The block diagram of the JSCCM system is illustrated in Figure 1. The source we consider in this paper is a binary independent and identically distributed Bernoulli source $\mathbf{s}$, where the probability of “1” is represented as p ($p>0.5$). The entropy of $\mathbf{s}$ can be obtained by

$$H\left(p\right)=-p{log}_{2}p-(1-p){log}_2(1-p)<1.$$

(1)

On the transmitter side, a rate-$R_s$ source protograph LDPC encoder and a rate-$R_c$ channel protograph LDPC encoder are serially concatenated. The source information bit sequence $\mathbf{s}$ is fed to the source encoder to calculate the syndrome ${\mathbf{b}}^T={\mathbf{H}}_s{\mathbf{s}}^T$, which is also the compressed sequence.

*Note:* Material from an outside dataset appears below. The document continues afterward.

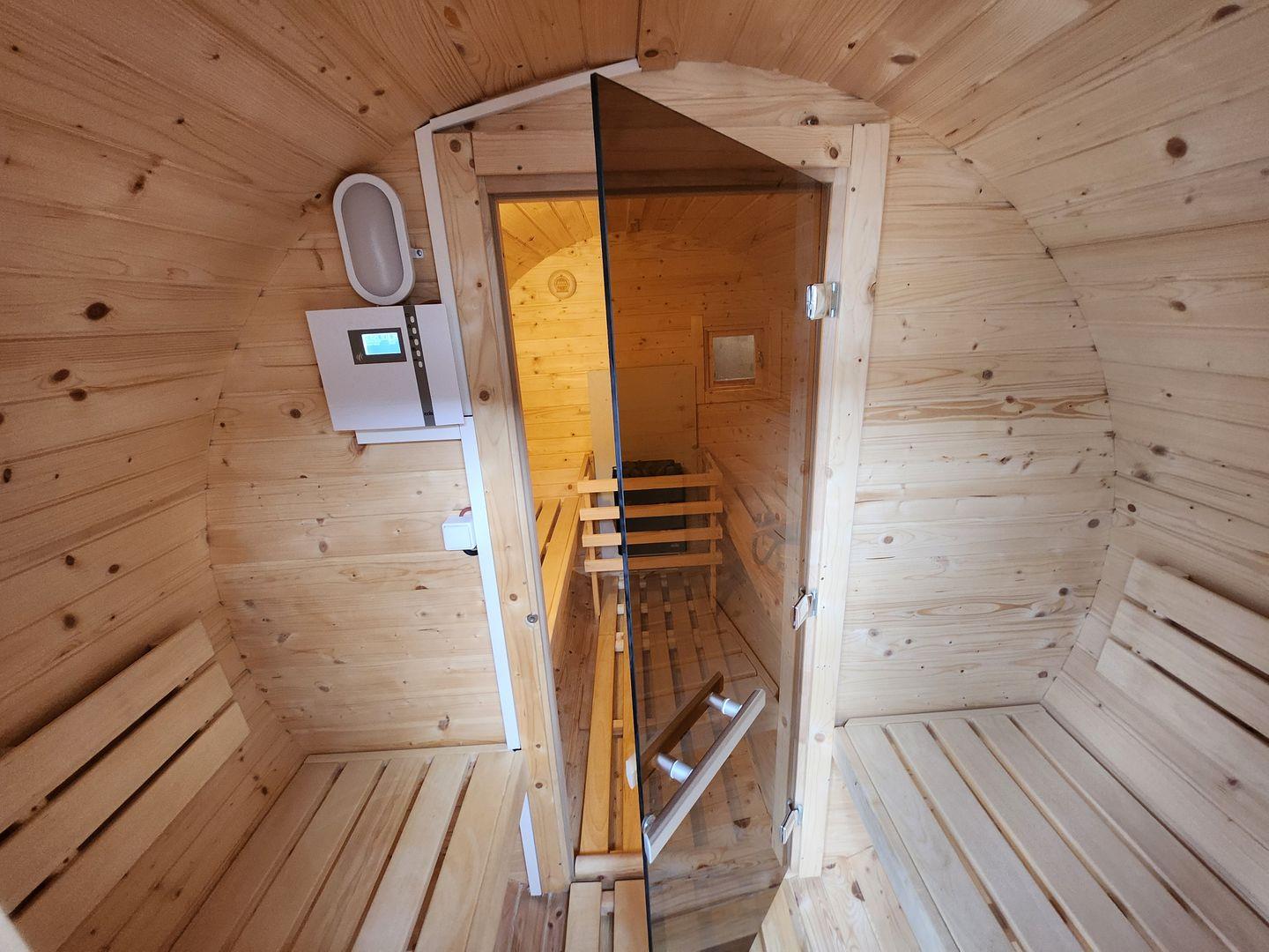 Wir bieten ultimatives Saunavergnügen in unserer Fasssauna auf dem Grundstück - ein besonderes Highlight für alle Gäste, die maximale Entspannung suchen.

Then, the channel protograph LDPC is utilized to protect $\mathbf{b}$ for transmission through the AWGN channel, which generates a vector of the parity bit sequence $\mathbf{c}=\mathbf{b}\mathbf{P}$. Assuming systematic channel encoding, the channel codeword $\mathbf{x}$ can be composed of a parity bit sequence $\mathbf{c}$ and a compressed bit sequence $\mathbf{b}$ as $\mathbf{x}=\left[\mathbf{c}\mathbf{b}\right]$.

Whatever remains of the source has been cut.